On the surface of each lymphatic cell are receptors that enable them to recognize foreign substances. These receptors are very specialized - each can match only one specific antigen. 
To understand the receptors, think of a hand that can only grab one specific item. Imagine that your hands could only pick up apples. You would be a true apple-picking champion - but you wouldn't be able to pick up anything else. 
In your body, each single receptor equals a hand in search of its "apple." The lymphocyte cells travel through your body until they find an antigen of the right size and shape to match their specific receptors. It might seem limiting that the receptors of each lymphocyte cell can only match one specific type of antigen, but the body makes up for this by producing so many different lymphocyte cells that the immune system can recognize nearly all invaders.
So more specifically, what is an S1P1 receptor?

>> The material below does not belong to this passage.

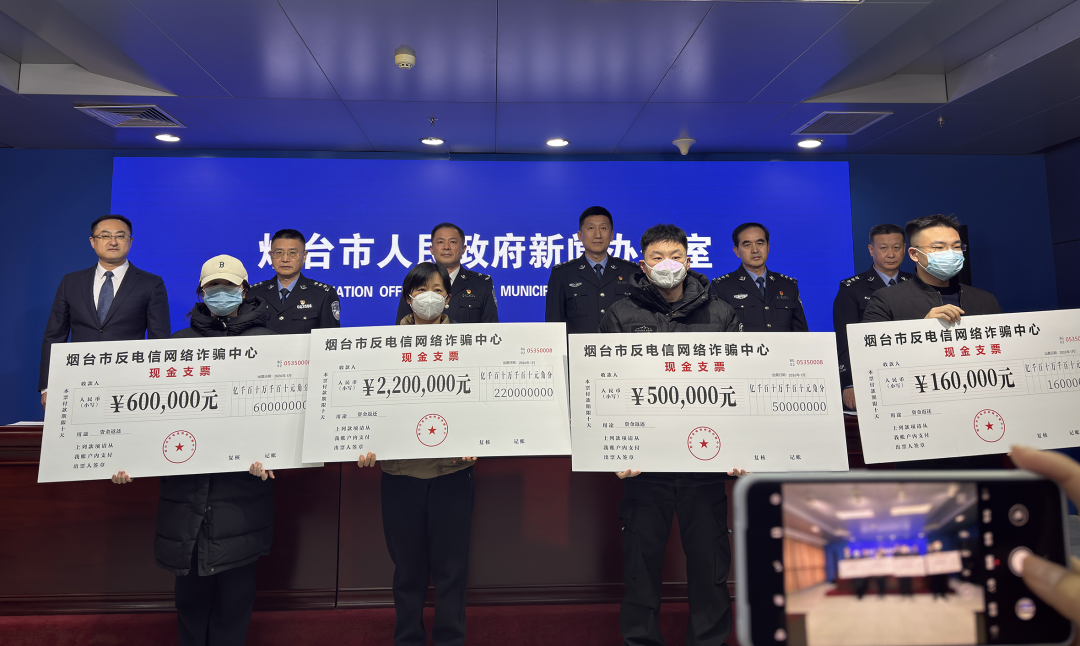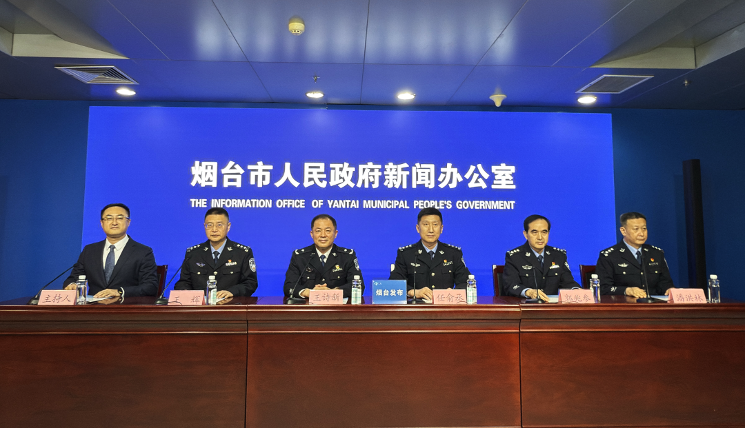 1月9日,烟台市人民政府新闻办公室举行新闻发布会。烟台市公安局党委委员、副局长王诗新,烟台市公安局刑侦支队支队长任俞丞,烟台市公安局治安支队政委王辉,烟台市公安局交管支队政委郭兆参,烟台市公安局禁毒支队支队长潘洪林共同出席发布会,通报全市公安机关“冬季守护”专项工作开展情况,现场返还部分群众被骗资金,并回答记者提问。

There are five different sphingosine 1-phosphate receptors on lymphocytes. This drug targets the first: S(sphingosine)1P(phosphate)1. These receptors are important because they control lymphocytic exit from lymph nodes and their recirculation into the blood, resulting in less of these autoimmune active lymphocytes in the circulating blood stream. Read more here.

Arena's drug is not the first to target this type of receptor. Oral fingolimod, (Gilenya) manufactured by Novartis is currently being used to treat MS. You can read more about one of the drug studies leading to it's manufacture and use here. Like all drugs that modify immune mechanisms, Gilenya is not without significant risk, one being a slowing of the heart rate or alteration of the normal electrical pattern in the heart.

The absence of apparent cardiac effects in this early study of Arena Pharmaceutical's new drug is impressive:
There were no clinically significant safety findings with respect to heart rate or rhythm or pulmonary function, and no clinically significant elevations in liver enzyme tests.
 I'm looking forward to seeing how this drug stands up in additional trials, since the development of new tools to treat autoimmune disease is vitally important.

Stay tuned, people. This should be interesting.

1 comment:

Nicole said...

Exciting! I just had a talk with my rheumy about Arava and Rituxan for neuropathy. I'm not to the point that I need it, yet. The potential side effects are alarming. I'm glad that there are more possibilities in the pipeline.